Hoe essentieel satellietnavigatie vandaag ook lijkt, het dertigtal satellieten van het door de Amerikanen gecontroleerde
GPS-netwerk werd pas tussen 1989 en 1994 de ruimte in geschoten. Ook Rusland
beschikt over een eigen navigatiesysteem (dat evenwel op apegapen ligt) en
China heeft uibreidingsplannen voor het nu relatief beperkte Beidou-systeem. Europa
tracht al jaren voldoende geld bij elkaar te schrapen voor een eigen systeem: Galileo.
Resolutie
Tot 2000 werd het GPS-signaal door
de Amerikaanse Defensie opzettelijk gedegradeerd tot een nauwkeurigheid van 100
meter. Sindsdien is het commerciële systeem accuraat tot op een afstand van 10
tot 30 meter (horizontaal) en 20 tot 60 meter (verticaal). De Amerikaanse
strijdkrachten hebben nog altijd een betere resolutie tot hun beschikking, nu
minder dan 3 meter. In combinatie met andere technieken kan de accuraatheid van
het systeem verhoogd worden tot minder dan 1 centimeter.
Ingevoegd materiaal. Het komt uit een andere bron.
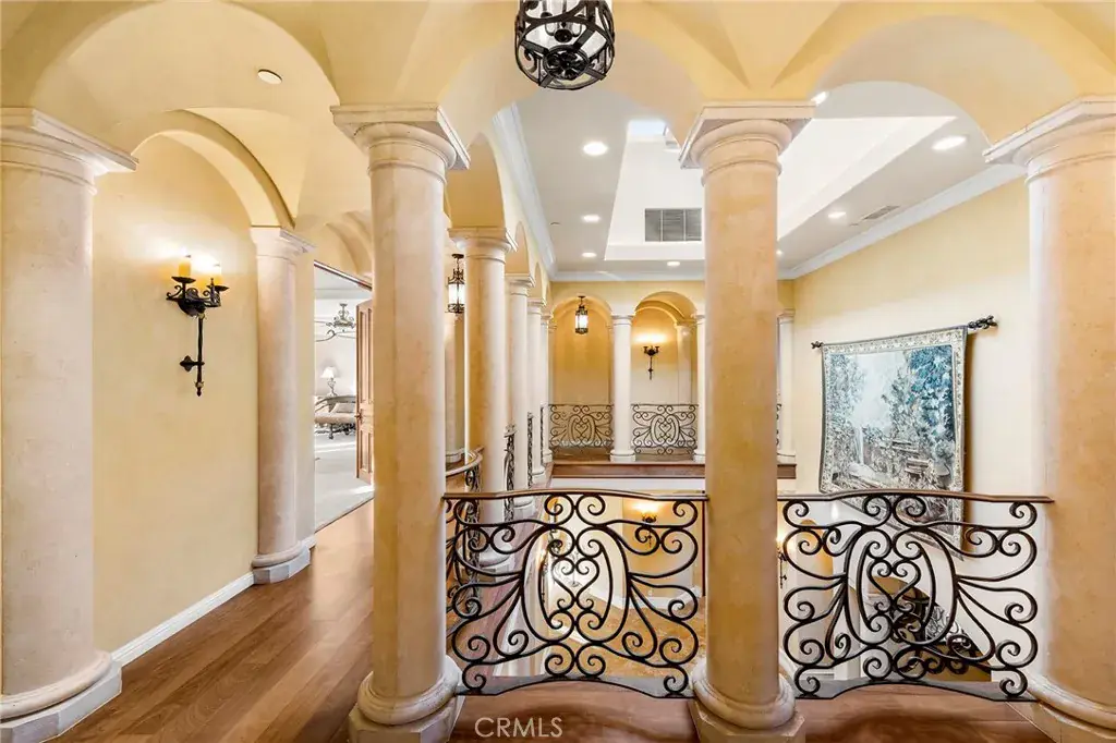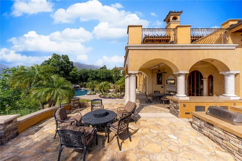 Positioned on a generous 1.02-acre lot (44,431 sq ft), this Mediterranean Revival estate was thoughtfully built in 2007 and spans 6,526 sq ft of refined living space. Gated and privately hedged, a charming Saltillo-tiled veranda leads to an impressive entry, unveiling a home rich in character and quality.

Met de nauwkeurigheid
neemt ook het aantal mogelijke toepassingen toe.
——————————————————————————————————–
“Met behulp van de
sterren en een aantal instrumenten kon eeuwen geleden al een
nauwkeurige plaatsbepaling worden bereikt, maar dat vroeg wel vakmanschap en tijd.”
——————————————————————————————————–
Het GPS-systeem informeert
gebruikers in een oogwenk over hun driedimensionale positie op aarde:
lengtegraad (de positie ten opzichte van de nulmeridiaan in Greenwich),
breedtegraad (de positie ten opzichte van de evenaar) en de hoogte (de positie
ten opzichte van de zeespiegel). Botweg gezegd, kan de grootste idioot vandaag
zijn positie op aarde bepalen door een druk op een knop. Met behulp van de
sterren en een aantal instrumenten kon eeuwen geleden echter al een bijna even
nauwkeurige plaatsbepaling worden bereikt, maar dat vroeg wel vakmanschap en tijd.

De mens heeft niet gewacht op GPS
om de hele aarde te verkennen. Zeereizen worden al sinds een paar duizend jaar
voor het begin van onze tijdrekening ondernomen, en op land ging de mens al
veel vroeger aan het zwerven. Navigatie op land is relatief eenvoudig. Een
landschap telt meestal vele oriëntatiepunten, zoals bergketens of rivieren, die
mondeling of via primitieve kaarten kunnen worden overgeleverd. Maar op zee (of
in een uitgestrekte woestijn) zijn die referentiepunten er meestal niet.
Sterrennavigatie
De
eerste zeevaarders bleven dicht bij de kust of roeiden en zeilden van eiland
naar eiland. Gaandeweg leerden ze gebruik te maken van de verborgen sleutels in
meteorologische gegevens, zoals wolken, stromingen, wind en golven. Lang voor
de Europese zeevaarders staken de Polynesiërs op die manier al duizenden
kilometers oceaan over.
Die kennis werd aangevuld door primitieve
navigatietechnieken gebaseerd op de beweging van de zon en andere sterren. Scheepsvaarders
noteerden de informatie over natuurelementen en sterrenhemel in scheepsjournalen,
zodat hun opvolgers in de loop van de geschiedenis over steeds meer
navigatie-informatie beschikten.
——————————————————————————————————–
“Het lezen van de sterren bleef tot halverwege de twintigste eeuw de basis van navigatie op zee en in de lucht.”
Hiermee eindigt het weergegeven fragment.